By Jeremy Batstone-Carr, European Strategist, Raymond James UK
The month of October has a notorious reputation for those invested in financial market assets. The crash of 1987 and before it the Wall Street crash of 1929 spring readily to mind, but this year’s version has been dominated, sadly, by conflict in the Middle East and more particularly by the war taking place in the Gaza strip between Israel and Hamas in retribution for the latter’s attack on the 7th of the month. Hostilities have served to remind investors of the Yom Kippur war between Israel and Syria / Egypt back in 1973, an event which triggered an OPEC oil embargo and subsequent inflation and recessions across much of the developed world as the price of crude surged. Truly distressing as the humanitarian aspect of all wars is, financial markets are dispassionate, asset pricing reflecting not just that which has come to pass but speculation as to how events might unfold, scenario analysis working through every aspect of a variety of potential outcomes from negotiated settlement through to wider conflict as other countries become embroiled.

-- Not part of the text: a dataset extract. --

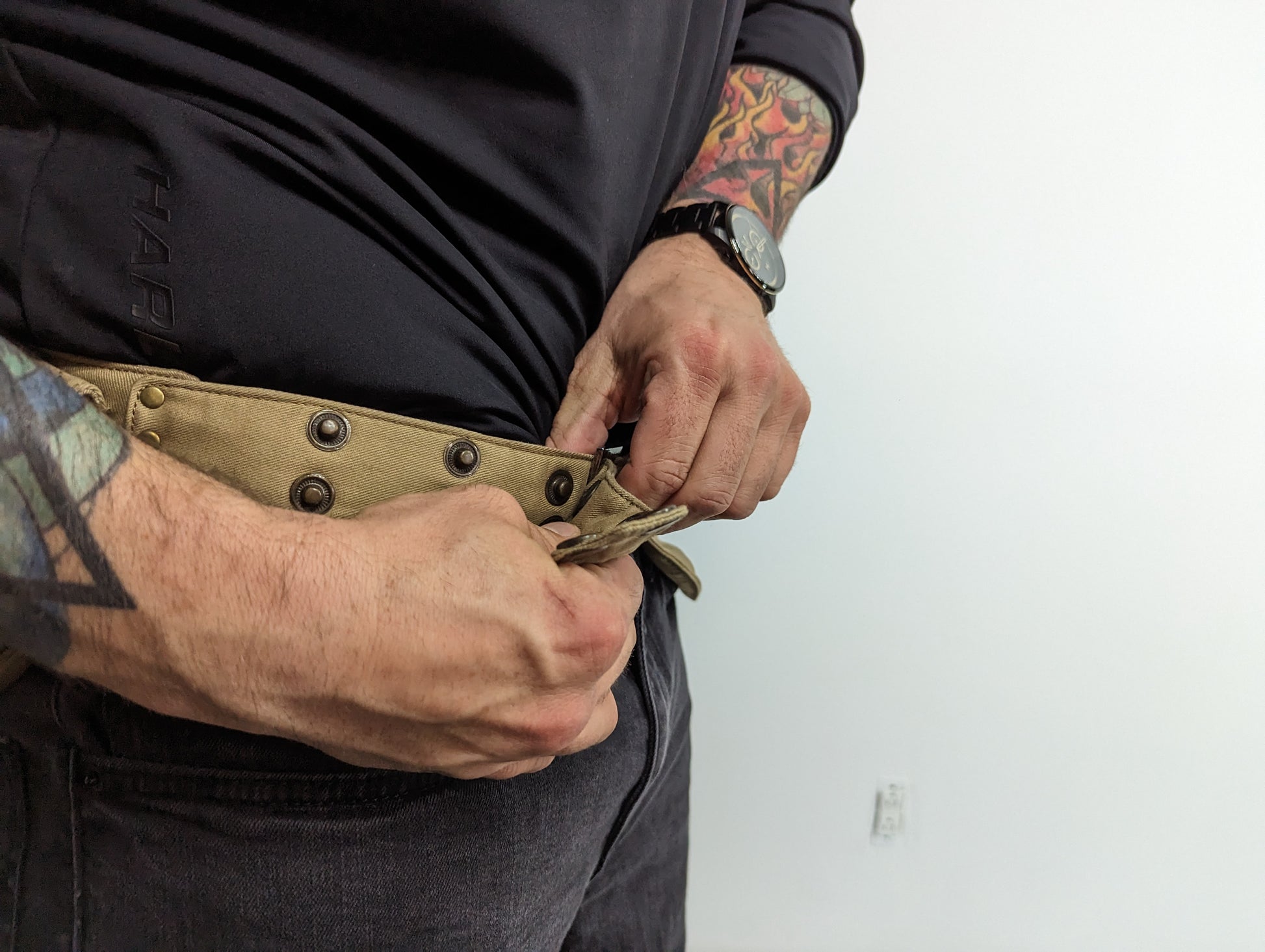 They have snap buttons on the front and the lace up back makes they belts super adjustable

…market participants are registering concern regarding possible outcomes, but not panic.
Over and above the direct consequences an escalated conflict might deliver, weakness across both stock and bond markets reflects concerns regarding so-called second round effects, an additional uncertainty surrounding the outlook for both economies and financial markets already anticipating slow levels of economic activity in certain geographic locations and a possible contraction in others. Strange as it might be to say it, market participants are registering concern regarding possible outcomes, but not panic. Although financial asset prices have fallen, they have not plunged and conditions remain generally orderly. This is not so much a case of studied insouciance as a reflection of the fact that markets have become used and grown resilient to geopolitical shocks.
…the financial markets’ first reaction to any form of conflict lies in the commodity…

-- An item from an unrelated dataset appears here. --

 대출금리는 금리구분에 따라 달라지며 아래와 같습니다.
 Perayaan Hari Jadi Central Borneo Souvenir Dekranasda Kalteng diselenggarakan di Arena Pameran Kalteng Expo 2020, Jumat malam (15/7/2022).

If Russia’s invasion of Ukraine in 2022 serves as any kind of template, the financial markets’ first reaction to any form of conflict lies in the commodity and more particularly the energy markets. These, as in 1973, are the most obvious channels through which wars directly impact elsewhere and yet it is noticeable that despite fears that Iran, an ally of both Hamas and Hezbollah in Lebanon, might become embroiled, the crude oil price has held steady following an initial jump. In part this is being ascribed to the diminished importance of the Middle East as a contributor to global supply, its share of the market dropping from 40% in 1970 to around 30% today. Beyond that, US shale oil represents an alternative and more flexible source of supply and beyond again, most developed economies, including that of the eurozone in the wake of last year’s energy crisis, have developed sizeable strategic reserves available for drawdown in the event of any potential supply disruption.

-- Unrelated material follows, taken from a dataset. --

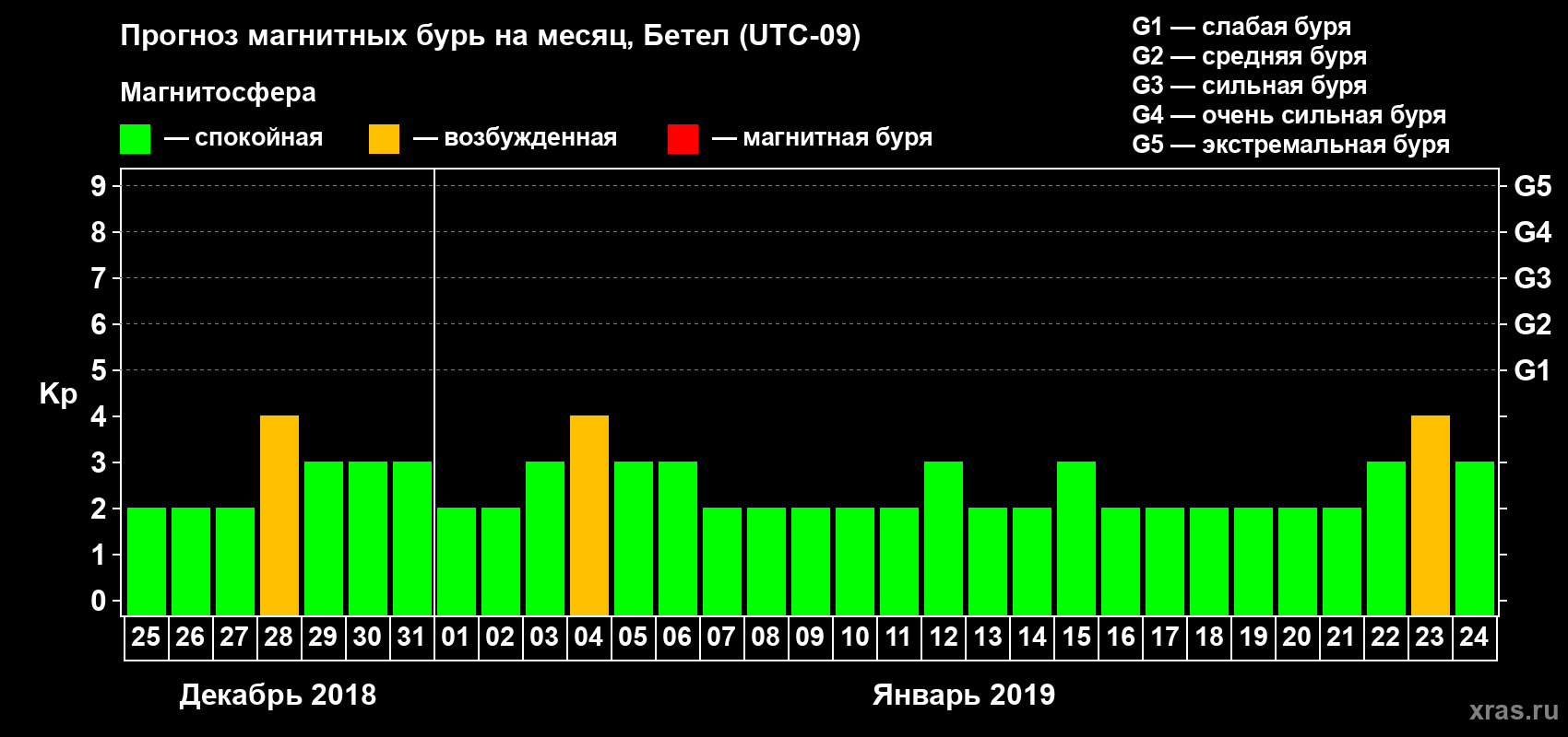 Прогноз магнитных бурь в Бетеле — 25 декабря 2018 года

None of this is to say that the crude price will not spike sharply in the event of an escalation, but for now support for financial markets is coming from a hitherto unlikely source. Having spent much of the post-pandemic period worrying about inflation’s persistence central bankers and financial markets are gearing up for a very welcome surprise as price pressures continue to diminish. Of course, a slower paced increase in the rate of inflation is not the same as outright deflation, but the encouraging news is that as the pressures of autumn 2022 drop out of annualised calculations, so price increases will abate, possibly sharply, over the autumn and winter. Furthermore, as the lagged impact of earlier interest rate increases make their way more fully into economic activity, and rising government bond yields do much of central banks’ monetary policy tightening for them, so the pressure to raise interest rates yet further is reduced.
For now, the world’s most important central banks continue to pedal the same message, interest rates will remain higher for longer in order to ensure that price pressures, once vanquished, do not re-emerge. This optionality is understandable given the opaque outlook, but investors can look forward with increasing confidence to the point at which that message will be forced to adjust. For now, the fact that inflation is holding above 2%-point medium term targets leaves no scope for any alteration, but central banks are not the best economic forecasters and mandates infer that policy must become more nuanced once price increases drop into target ranges. The UK government has targeted inflation to halve from its above 10% rate in December 2022 and will likely receive some much-needed good news on that front over the autumn. Indeed, a return to target by March / April next year cannot be ruled out, an event, were it to transpire, that could trigger lower interest rates much earlier than that envisaged by the markets or indeed, the Bank of England’s own forecasts. Positive surprises such as this are in great demand right now and would surely be welcomed by investors awaiting an upturn in the economic cycle.